We note first of all that Stebbins has attached as an exhibit to her brief on appeal a portion of her deposition. The deposition does not appear in the record. “Exhibits contained in an appellate brief which do not appear in the record or transcript cannot be considered by this court and afford no basis for reversal.” Strickland v. American Motorists Ins. Co., 149 Ga.App. 690, 691, 256 S.E.2d 92 (1979).
1. Georgia Power took the checks as a holder in due course.

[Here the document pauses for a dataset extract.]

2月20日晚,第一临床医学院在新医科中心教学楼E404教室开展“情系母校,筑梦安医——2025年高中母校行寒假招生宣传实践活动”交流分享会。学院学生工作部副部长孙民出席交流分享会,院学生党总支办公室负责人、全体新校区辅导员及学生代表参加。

OCGA § 11-3-302 provides in pertinent part that a holder in due course is the holder of any instrument if:
(1) The instrument when issued or negotiated to the holder does not bear such apparent evidence of forgery or alteration or is not otherwise so irregular or incomplete as to call into question its authenticity; and (2) The holder took the instrument: (i) For value; (ii) In good faith; (iii) Without notice that the instrument is overdue or has been dishonored or that there is an uncured default with respect to payment of another instrument issued as part of the same series; (iv) Without notice that the instrument contains an unauthorized signature or has been altered; (v) Without notice of any claim to the instrument described in Code Section 11-3-306; and (vi) Without notice that any party has a defense or claim in recoupment described in subsection (a) of Code Section 11-3-305.

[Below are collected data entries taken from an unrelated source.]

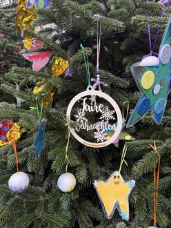 auf faire Weihnachten weist nun auch ein Anhänger auf dem Weihnachtsbaum im Weihnachtsdorf hin.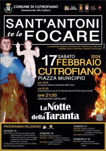 La festa avrà il suo culmine sabato 17 febbraio. Alle ore 19, infatti, dopo la messa, si svolgerà la processione in onore di Sant’Antonio tra le vie cittadine e la benedizione delle “focare”. Al termine sarà acceso il falò più grande, allestito in piazza Municipio. La focara centrale e di comunità quest’anno festeggia i 30 anni dalla prima accensione. Alle 21 lo spettacolo di fuochi pirotecnici e alle 21.30, gran finale con l’esibizione dell’Orchestra Popolare La Notte della Taranta.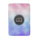 Modern design, iridescent glass ombre background. Black circle with optional monogram.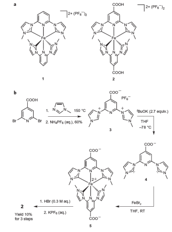 无论在太阳能电池中,还是在光催化剂中,运行时都以光子的捕获或敏化为第一步。稀有金属常常用于这一方面,不过它们却不是大规模应用的理想材料。科学家们投入大量精力来研究用富有金属(如铁)来取代稀有金属,但却未能取得很大进展。 Harlang 等人开发了一种基于铁-氮-杂环-卡宾的敏化剂,这种敏化剂的激发态寿命比传统的铁多吡啶复合物高出上千倍。通过电子顺磁共振、瞬态吸收光谱、瞬态太赫兹光谱以及量子化学计算等手段表征发现,这种铁敏化剂通过 3MLCT 态可将 92% 的光子转化成电子。这一工作打开了利用富有元素制造太阳能转化材料的大门。(Nature Chemistry DOI : 10.1038 / NCHEM. 2365 )

“A payee may be a holder in due course, provided that it meets the requirements set out in the statute.” Fedeli v. UAP/Ga. Ag. Chem., 237 Ga.App. 337, 343(3), 514 S.E.2d 684 (1999).1 Accordingly, we analyze each of the applicable requirements in turn.
(a) Apparent evidence of forgery. Stebbins argues that Georgia Power should have been familiar with her mother's signature because she had been writing checks to Georgia Power for many years. But she submits no evidence in support of this contention, nor does she cite to any authority. In support of its motion for summary judgment, Georgia Power submitted the affidavit of Carrie Williams, a customer service representative for Georgia Power. She states in the affidavit that she has reviewed the records of the two companies and the copies of the checks used to pay their power bills. She states that there was no apparent evidence of forgery or alteration which would call into question the checks' authenticity.
The burden of production then shifted to Stebbins to come forward with some evidence of apparent forgery. She has not done so. Moreover, the copies of the checks submitted with the record on appeal are illegible. Even if the signature were clearly legible, there is no evidence in the record of the true signature of Duffie for purposes of comparison.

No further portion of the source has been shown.